Problem details: Nothing after the line with "D'une surface habitable" belongs in the copy; extract the lines below from the top through that line, pictures left out.

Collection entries
──────────────────────────────
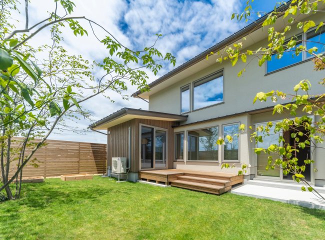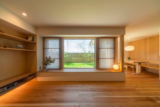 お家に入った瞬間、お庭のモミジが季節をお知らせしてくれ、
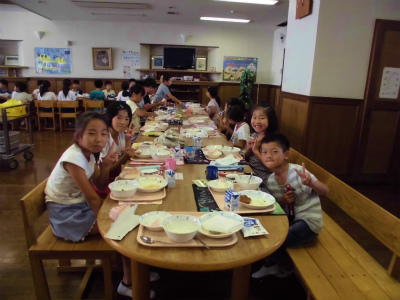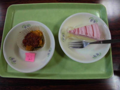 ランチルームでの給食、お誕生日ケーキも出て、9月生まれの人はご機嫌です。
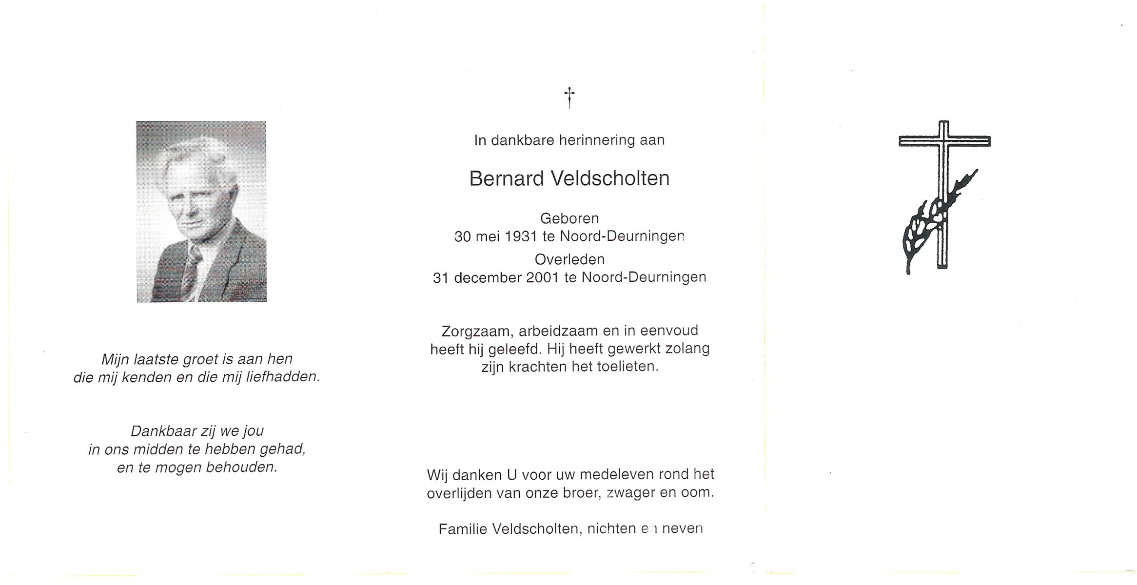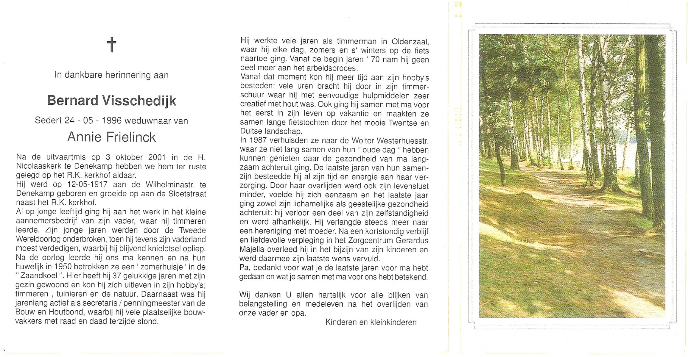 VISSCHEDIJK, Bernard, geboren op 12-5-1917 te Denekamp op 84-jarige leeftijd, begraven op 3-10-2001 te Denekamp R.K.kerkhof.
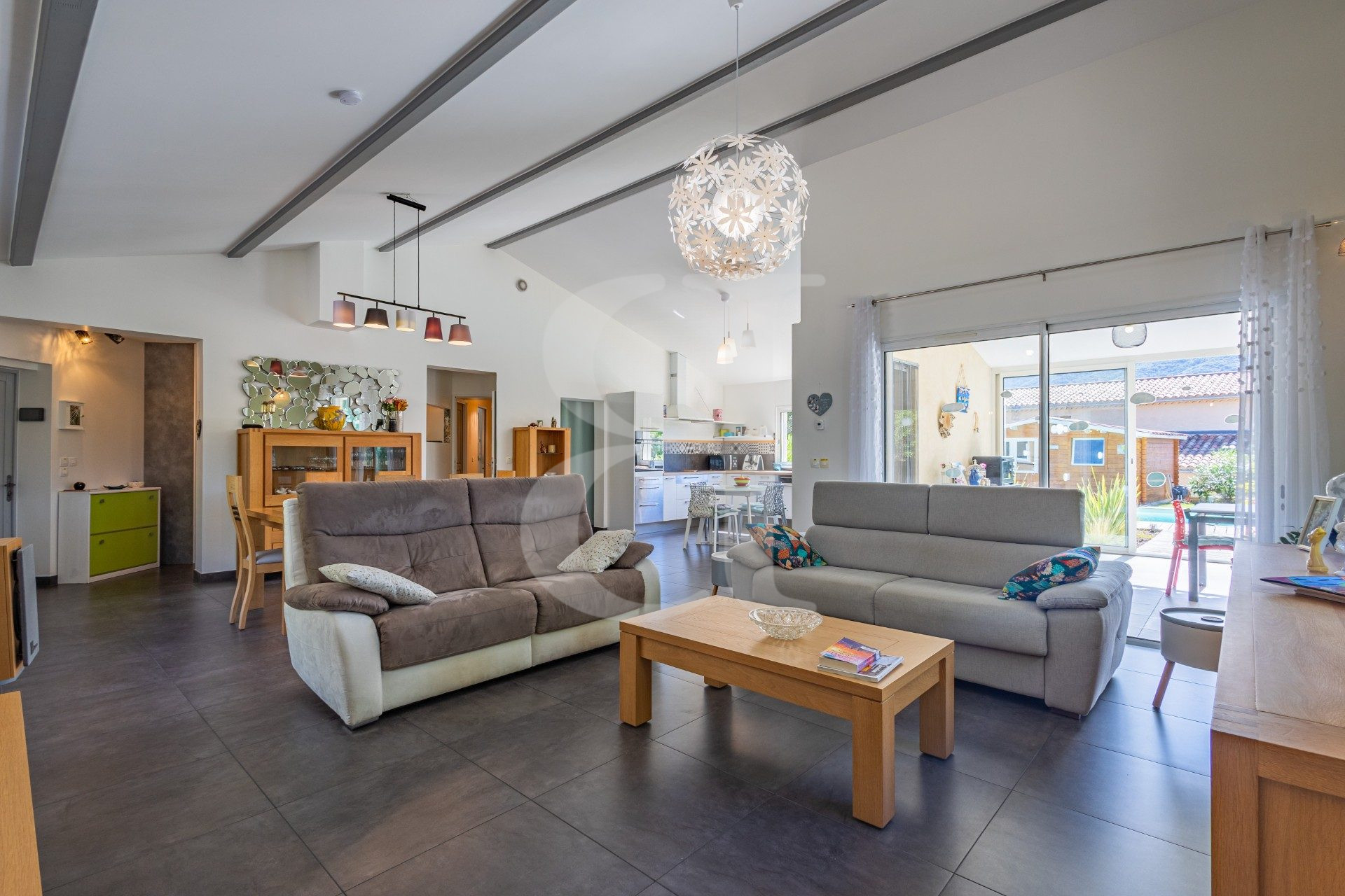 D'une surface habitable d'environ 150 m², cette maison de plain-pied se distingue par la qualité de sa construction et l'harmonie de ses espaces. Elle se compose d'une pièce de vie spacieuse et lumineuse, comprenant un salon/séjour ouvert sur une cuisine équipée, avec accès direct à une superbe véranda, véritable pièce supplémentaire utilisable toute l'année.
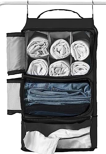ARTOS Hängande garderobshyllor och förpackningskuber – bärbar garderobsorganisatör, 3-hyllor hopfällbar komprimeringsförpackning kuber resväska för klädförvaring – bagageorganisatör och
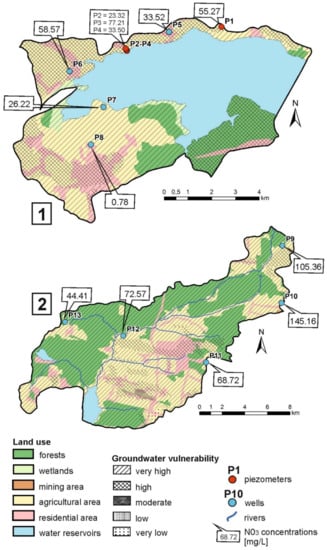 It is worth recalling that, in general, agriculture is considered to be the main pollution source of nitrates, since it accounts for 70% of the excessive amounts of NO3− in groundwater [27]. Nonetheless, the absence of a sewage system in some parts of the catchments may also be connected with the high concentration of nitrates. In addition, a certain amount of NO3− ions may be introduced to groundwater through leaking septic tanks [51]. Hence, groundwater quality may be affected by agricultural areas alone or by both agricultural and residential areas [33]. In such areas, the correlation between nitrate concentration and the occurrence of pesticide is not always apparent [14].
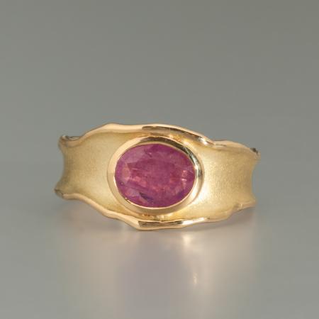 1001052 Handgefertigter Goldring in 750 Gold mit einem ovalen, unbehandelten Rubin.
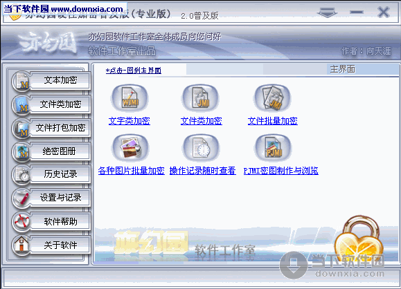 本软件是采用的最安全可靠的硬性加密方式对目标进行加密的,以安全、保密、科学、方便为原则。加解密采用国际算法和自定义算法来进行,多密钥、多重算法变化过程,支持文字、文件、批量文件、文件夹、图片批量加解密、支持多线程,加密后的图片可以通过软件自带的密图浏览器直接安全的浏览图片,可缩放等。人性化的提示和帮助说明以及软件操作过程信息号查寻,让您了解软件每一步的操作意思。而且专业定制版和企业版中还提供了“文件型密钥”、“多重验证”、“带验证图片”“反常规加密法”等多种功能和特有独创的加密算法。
──────────────────────────────
Solved problem:
 お家に入った瞬間、お庭のモミジが季節をお知らせしてくれ、
 ランチルームでの給食、お誕生日ケーキも出て、9月生まれの人はご機嫌です。
 VISSCHEDIJK, Bernard, geboren op 12-5-1917 te Denekamp op 84-jarige leeftijd, begraven op 3-10-2001 te Denekamp R.K.kerkhof.
 D'une surface habitable d'environ 150 m², cette maison de plain-pied se distingue par la qualité de sa construction et l'harmonie de ses espaces. Elle se compose d'une pièce de vie spacieuse et lumineuse, comprenant un salon/séjour ouvert sur une cuisine équipée, avec accès direct à une superbe véranda, véritable pièce supplémentaire utilisable toute l'année.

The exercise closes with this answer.